Déjà particulièrement conséquent depuis trois ans, le décalage entre la situation économique et l’évolution des prix de l’immobilier devient donc de plus en plus extravagant.
Et ce, là aussi, principalement grâce ou à cause de la « planche à billets » de la BCE qui a permis de maintenir les taux d’intérêt des crédits sur des plus bas historiques. De la sorte, les ménages et les investisseurs ont pu continuer à s’endetter pour acheter malgré la crise et alimenter par là même la bulle immobilière. Seulement voilà : les arbres ne montent pas au ciel et plus les prix divergent de la réalité économique, plus la correction sera forte. Selon nos estimations, un retour à la normale se traduirait par une baisse de 10 % à 15 % des prix immobiliers à travers la France. Une correction qui serait d’ailleurs salutaire, ne serait-ce que pour redonner de la solvabilité à une demande fragile.
En effet, compte tenu des niveaux très élevés des prix immobiliers, de très nombreux Français ne peuvent pas accéder à la propriété. Il s’agit notamment des jeunes de 20 à 40 ans qui, souvent, n’ont d’ailleurs jamais été propriétaires. C’est malheureux à dire, mais à cause de prix trop élevés, ces jeunes et moins jeunes sont exclus du marché immobilier. Si les prix baissent, tous ces citoyens redeviendront solvables et pourront donc s’endetter pour acheter à des prix plus raisonnables. Ensuite, une fois la correction passée, les prix remonteront progressivement. L’immobilier restera donc un placement porteur à moyen terme. Il a simplement besoin d’un « Reset » pour pouvoir repartir sur des bases plus saines.

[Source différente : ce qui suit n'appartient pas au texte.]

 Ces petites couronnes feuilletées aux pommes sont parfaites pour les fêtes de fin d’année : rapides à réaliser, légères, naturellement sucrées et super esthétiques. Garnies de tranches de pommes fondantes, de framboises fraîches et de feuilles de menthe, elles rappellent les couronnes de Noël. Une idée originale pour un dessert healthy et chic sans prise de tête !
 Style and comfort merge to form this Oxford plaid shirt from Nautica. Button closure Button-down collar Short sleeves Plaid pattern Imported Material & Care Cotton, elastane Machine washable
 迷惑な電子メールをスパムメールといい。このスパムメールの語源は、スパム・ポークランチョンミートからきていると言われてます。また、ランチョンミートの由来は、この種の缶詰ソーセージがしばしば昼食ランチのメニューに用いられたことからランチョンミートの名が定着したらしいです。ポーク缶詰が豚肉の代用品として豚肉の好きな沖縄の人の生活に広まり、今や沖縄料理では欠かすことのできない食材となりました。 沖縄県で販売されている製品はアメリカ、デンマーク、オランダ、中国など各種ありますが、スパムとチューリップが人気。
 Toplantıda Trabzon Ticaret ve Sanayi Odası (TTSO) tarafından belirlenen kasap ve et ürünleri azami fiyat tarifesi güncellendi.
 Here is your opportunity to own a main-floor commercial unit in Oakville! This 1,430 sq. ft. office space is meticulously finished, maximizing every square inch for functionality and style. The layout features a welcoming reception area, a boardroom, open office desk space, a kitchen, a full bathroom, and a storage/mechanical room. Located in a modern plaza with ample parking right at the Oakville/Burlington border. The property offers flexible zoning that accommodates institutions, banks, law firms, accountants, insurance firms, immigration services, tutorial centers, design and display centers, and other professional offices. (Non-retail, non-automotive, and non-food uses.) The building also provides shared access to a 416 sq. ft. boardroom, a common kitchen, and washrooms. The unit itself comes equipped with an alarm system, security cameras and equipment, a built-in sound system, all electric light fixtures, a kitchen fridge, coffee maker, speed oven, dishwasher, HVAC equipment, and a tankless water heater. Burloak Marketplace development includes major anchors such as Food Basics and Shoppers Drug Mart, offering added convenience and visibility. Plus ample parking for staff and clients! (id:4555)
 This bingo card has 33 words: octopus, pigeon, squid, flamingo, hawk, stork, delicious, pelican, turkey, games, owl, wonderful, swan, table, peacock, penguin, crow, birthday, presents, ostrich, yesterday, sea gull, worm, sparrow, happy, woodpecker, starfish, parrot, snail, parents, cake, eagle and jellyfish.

En conclusion, il ne sert à rien de jouer au Tartuffe et de travestir la réalité en employant les grands moyens, de manière à engager la France dans une fuite en avant particulièrement dangereuse qui consiste à masquer la crise actuelle au détriment de la reprise à venir. Comme dans la comédie de Molière, le Tartuffe est toujours démasqué et la vérité finit forcément par triompher.